Red, Red, Wine.
It has been a very, very cold day today. OK, so I know some people who read this live in cities where it snows in winter, and while it doesn't snow here in Melbourne, it's cold enough for me. Tonight I am very tired after a long day at work. I came home and made my usual Tuesday night Risotto, followed by a treat of a slice of chocolate cake on the couch in front of the toasty warm gas heater.
Sitting here under a blanket, in my sweats, with the heater & TV on reminds me of drinking red wine. While I certainly don't want to drink, nor am I craving it, I just started reminiscing about my old drinking philosophy (or justifications).
I would be a white wine drinker between September and April before I would switch to red wine for the colder months. Of course I would announce this fact every change of 'wine' season and mock those who didn't follow the same rule. I used to like white wine because I could have it so cold that I could drink really cheap cask wine and not really taste it, which meant I would be able to buy more as it cost less. However, I also loved red wine because it felt warm going down and classier because I would only drink it out of a bottle (yeah, I know, so classy!). I loved cooking a roast in the winter because I could drink loads of red wine in the kitchen (before), at the table (during), and with dessert (after). I also loved cooking my winter pumpkin soup because I could drink red wine in the kitchen (before)...hang on, I think I'm repeating myself.
Then there was beer. I used to say that you could intravenously hook me up to beer and I would be happy for life. I loved beer. However, beer never really got me drunk enough and only made me bloated. Beer was served best the morning after on a hangover.
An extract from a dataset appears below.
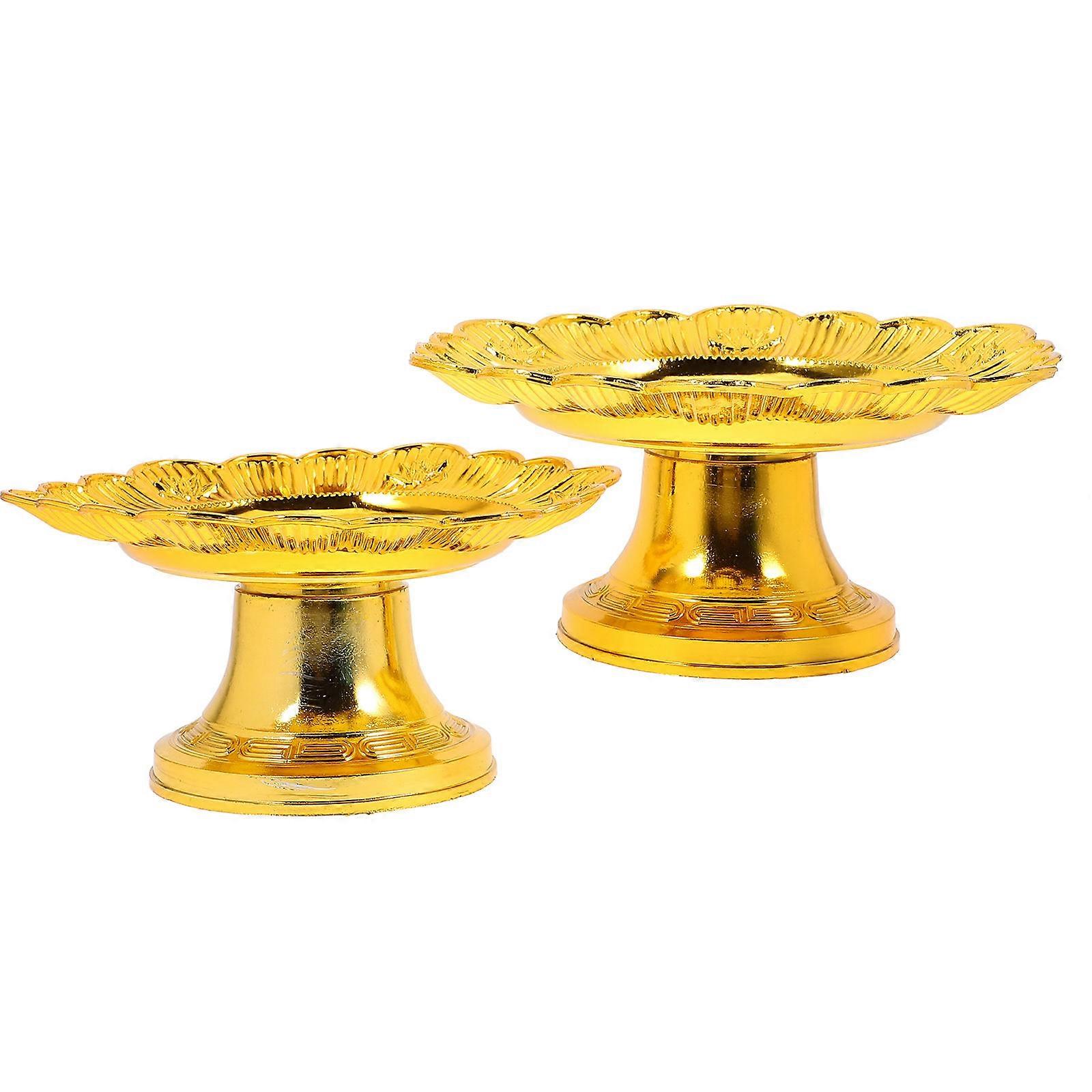 Golden Buddhist Offering Plastic Plate for Fruit and Dessert 2Pcs Set

I never saw much point in cocktails because they were too expensive and took two seconds to drink. Plus I always associated them with 'lightweight' drinkers. You know, those people who could hold one glass of alcohol in their hand comforatably for more than five minutes without reaching for another.
Champagne was to celebrate or to drink if I was out with girlfriends or going out to party. Except when the party was at home. I loved a good party for one with Champagne.
Spirits were a treat and I loved a gin and tonic. I abhorred scotch and whiskey, although in the end, if it was there, I would drink it.
I guess that's my point. I used to create all these 'rules' and 'seasons' and 'occasions' and 'reasons' for drinking. But if you cut through all the bullshit, I just drank anything that would get me drunk. It didn't matter what I would say, my primary goal every time was oblivion.
I don't miss it. Chocolate cake is better.